→ WORK TO COMPLETE:
Apart from the pictures, every entry below should be repeated exactly.

= = = = =

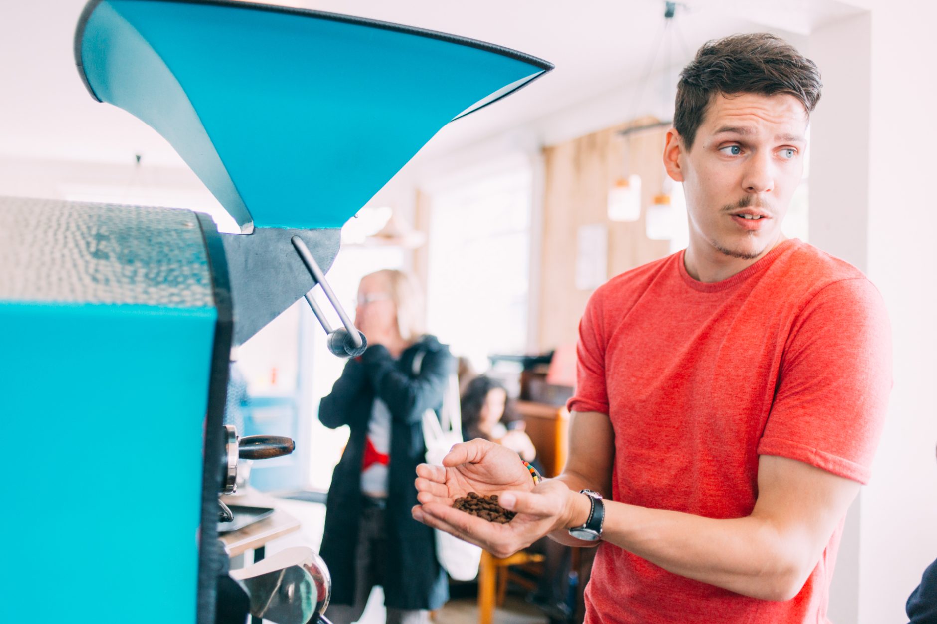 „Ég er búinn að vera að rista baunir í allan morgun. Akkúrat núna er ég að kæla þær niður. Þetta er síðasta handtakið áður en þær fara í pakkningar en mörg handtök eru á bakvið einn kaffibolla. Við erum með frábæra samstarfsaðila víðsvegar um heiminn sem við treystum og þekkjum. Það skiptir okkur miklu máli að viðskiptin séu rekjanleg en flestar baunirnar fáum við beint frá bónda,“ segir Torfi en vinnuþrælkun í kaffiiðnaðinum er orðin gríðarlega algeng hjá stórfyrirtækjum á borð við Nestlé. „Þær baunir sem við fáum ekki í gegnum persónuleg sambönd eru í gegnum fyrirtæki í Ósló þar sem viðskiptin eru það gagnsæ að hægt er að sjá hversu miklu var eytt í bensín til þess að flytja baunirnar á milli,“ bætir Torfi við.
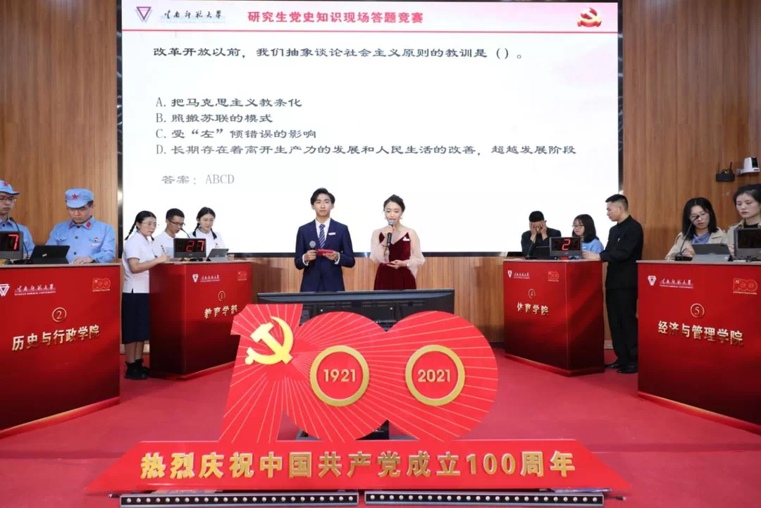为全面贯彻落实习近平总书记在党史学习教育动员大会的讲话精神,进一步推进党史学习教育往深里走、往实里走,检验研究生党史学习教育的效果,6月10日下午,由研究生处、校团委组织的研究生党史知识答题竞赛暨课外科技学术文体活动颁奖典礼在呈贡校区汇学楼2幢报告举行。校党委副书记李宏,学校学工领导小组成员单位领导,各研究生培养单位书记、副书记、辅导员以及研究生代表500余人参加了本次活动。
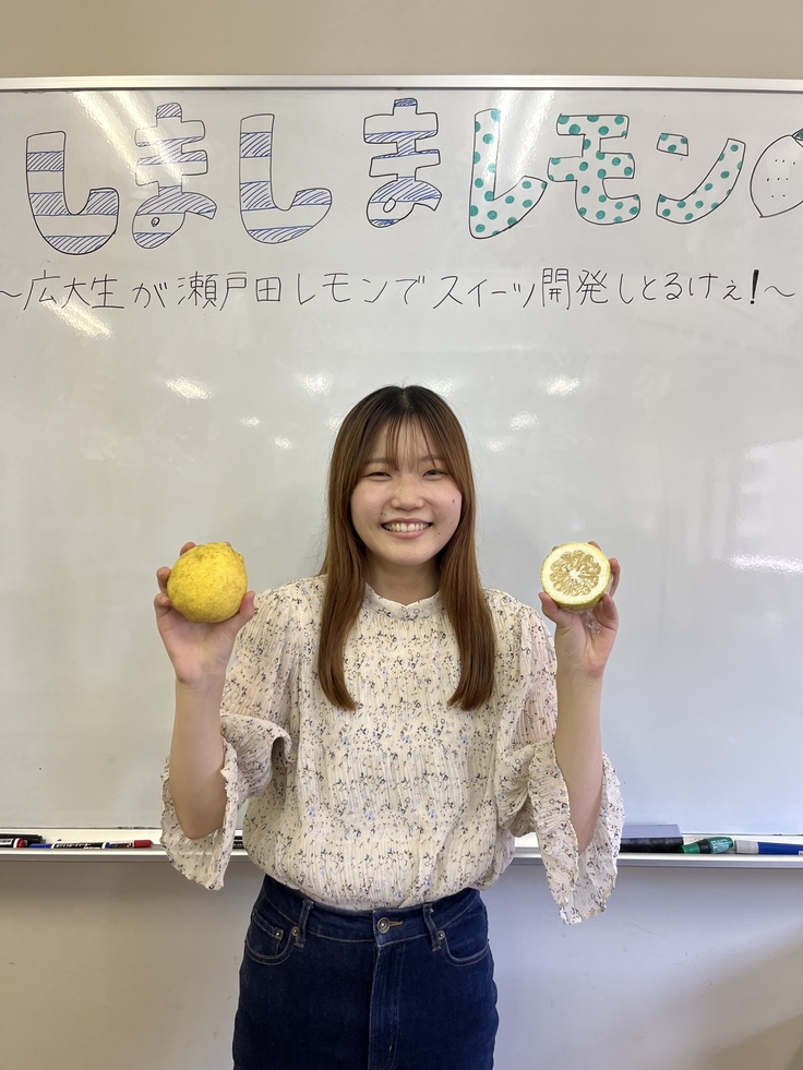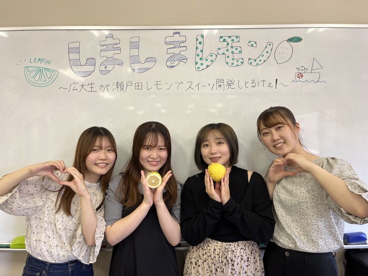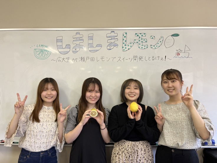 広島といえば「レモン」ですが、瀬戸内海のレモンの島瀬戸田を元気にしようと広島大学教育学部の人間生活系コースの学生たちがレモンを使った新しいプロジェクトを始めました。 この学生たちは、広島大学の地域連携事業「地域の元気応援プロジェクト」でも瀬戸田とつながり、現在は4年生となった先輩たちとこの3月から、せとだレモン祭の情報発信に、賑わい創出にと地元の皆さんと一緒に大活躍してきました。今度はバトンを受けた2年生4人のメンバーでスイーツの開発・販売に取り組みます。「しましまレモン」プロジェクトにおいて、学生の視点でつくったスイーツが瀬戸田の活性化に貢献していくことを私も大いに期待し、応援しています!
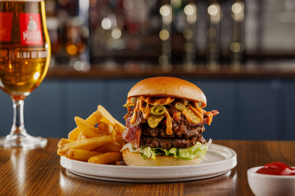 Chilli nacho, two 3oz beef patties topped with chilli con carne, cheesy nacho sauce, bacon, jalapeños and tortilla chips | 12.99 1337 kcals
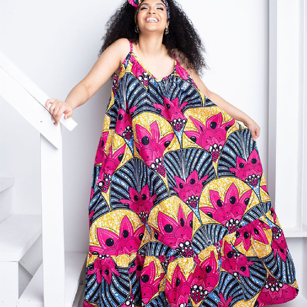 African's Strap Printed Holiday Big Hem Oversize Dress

= = = = =

→ FINISHED EXERCISE:
 „Ég er búinn að vera að rista baunir í allan morgun. Akkúrat núna er ég að kæla þær niður. Þetta er síðasta handtakið áður en þær fara í pakkningar en mörg handtök eru á bakvið einn kaffibolla. Við erum með frábæra samstarfsaðila víðsvegar um heiminn sem við treystum og þekkjum. Það skiptir okkur miklu máli að viðskiptin séu rekjanleg en flestar baunirnar fáum við beint frá bónda,“ segir Torfi en vinnuþrælkun í kaffiiðnaðinum er orðin gríðarlega algeng hjá stórfyrirtækjum á borð við Nestlé. „Þær baunir sem við fáum ekki í gegnum persónuleg sambönd eru í gegnum fyrirtæki í Ósló þar sem viðskiptin eru það gagnsæ að hægt er að sjá hversu miklu var eytt í bensín til þess að flytja baunirnar á milli,“ bætir Torfi við.
为全面贯彻落实习近平总书记在党史学习教育动员大会的讲话精神,进一步推进党史学习教育往深里走、往实里走,检验研究生党史学习教育的效果,6月10日下午,由研究生处、校团委组织的研究生党史知识答题竞赛暨课外科技学术文体活动颁奖典礼在呈贡校区汇学楼2幢报告举行。校党委副书记李宏,学校学工领导小组成员单位领导,各研究生培养单位书记、副书记、辅导员以及研究生代表500余人参加了本次活动。
 広島といえば「レモン」ですが、瀬戸内海のレモンの島瀬戸田を元気にしようと広島大学教育学部の人間生活系コースの学生たちがレモンを使った新しいプロジェクトを始めました。 この学生たちは、広島大学の地域連携事業「地域の元気応援プロジェクト」でも瀬戸田とつながり、現在は4年生となった先輩たちとこの3月から、せとだレモン祭の情報発信に、賑わい創出にと地元の皆さんと一緒に大活躍してきました。今度はバトンを受けた2年生4人のメンバーでスイーツの開発・販売に取り組みます。「しましまレモン」プロジェクトにおいて、学生の視点でつくったスイーツが瀬戸田の活性化に貢献していくことを私も大いに期待し、応援しています!
 Chilli nacho, two 3oz beef patties topped with chilli con carne, cheesy nacho sauce, bacon, jalapeños and tortilla chips | 12.99 1337 kcals
 African's Strap Printed Holiday Big Hem Oversize Dress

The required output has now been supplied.